Within three semesters, Ceballos Gonzalez was excelling in regular English classes. As she cared for their children, the Medinas organized their work schedules to allow her to continue her RCBC studies.
“When I didn’t have the money to continue, they said, ‘We’ll help you,’” she says.
“She was part of our family, so we covered her community college tuition,” Medina says. “She’s very studious. I’ve never met someone who could study and enjoy learning so much.”
‘He’s one of the main reasons I continue teaching’
Ceballos Gonzalez was an au pair for the Medinas for two years. Upon her graduation from RCBC, she gained acceptance to Rowan and lived with the family in Mount Laurel on a student visa until 2022.

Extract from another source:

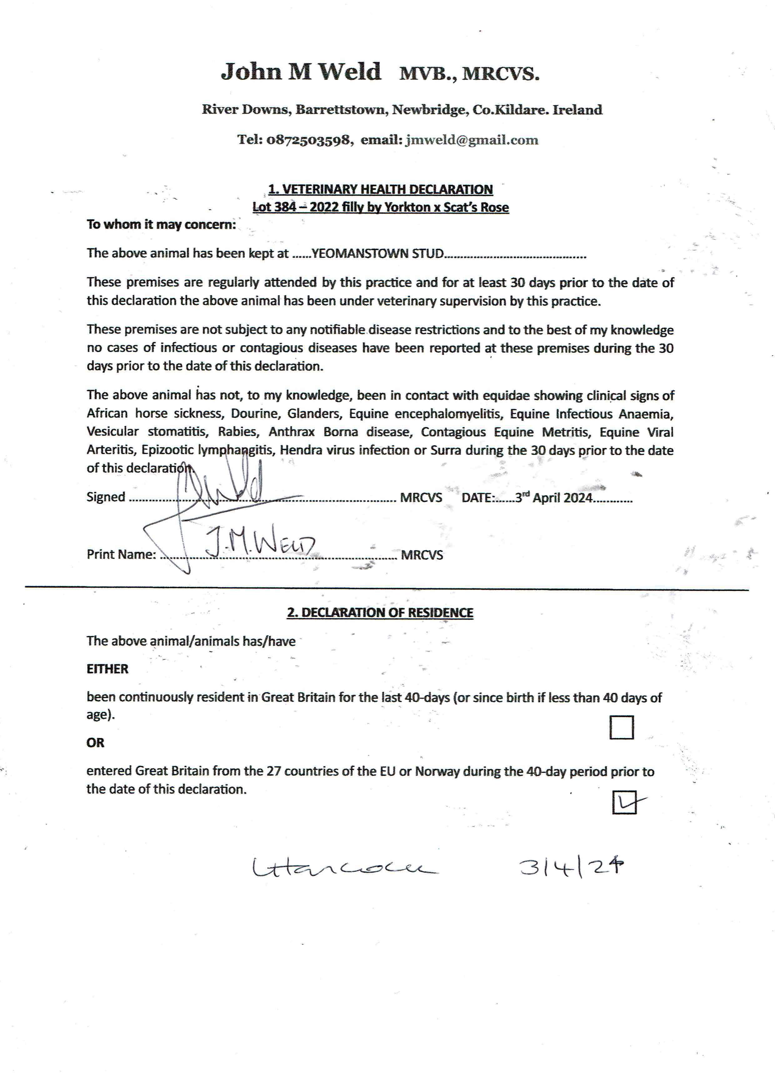 February Sale 2026 lot 303 Bennyworth (IRE) (C. by Supremacy (IRE)), Green Ridge Stables (J. Owen)=>James Finch 11,000 gns

A gifted student, Ceballos Gonzalez, who will graduate from the College of Education on May 8, landed scholarships to fund her entire tuition. She was determined to excel.
She also knew teaching, particularly special education, was her absolute calling. Ceballos Gonzalez discovered that in Panama when she was hired, at age 17, to give piano lessons to a non-verbal peer with autism.
“He played piano better than me,” chuckles Ceballos Gonzalez, who traveled more than 90 minutes each week to teach. “He played by ear. That was his gift. We had a shared language.
“He’s one of the main reasons I continue teaching. I just loved my time with him. It gave me so much joy. I thought, ‘There are more people like him.’”
‘She will be an incredibly inclusive teacher’
Unlike the United States, Ceballos Gonzalez says Panama does not have a strong special education program.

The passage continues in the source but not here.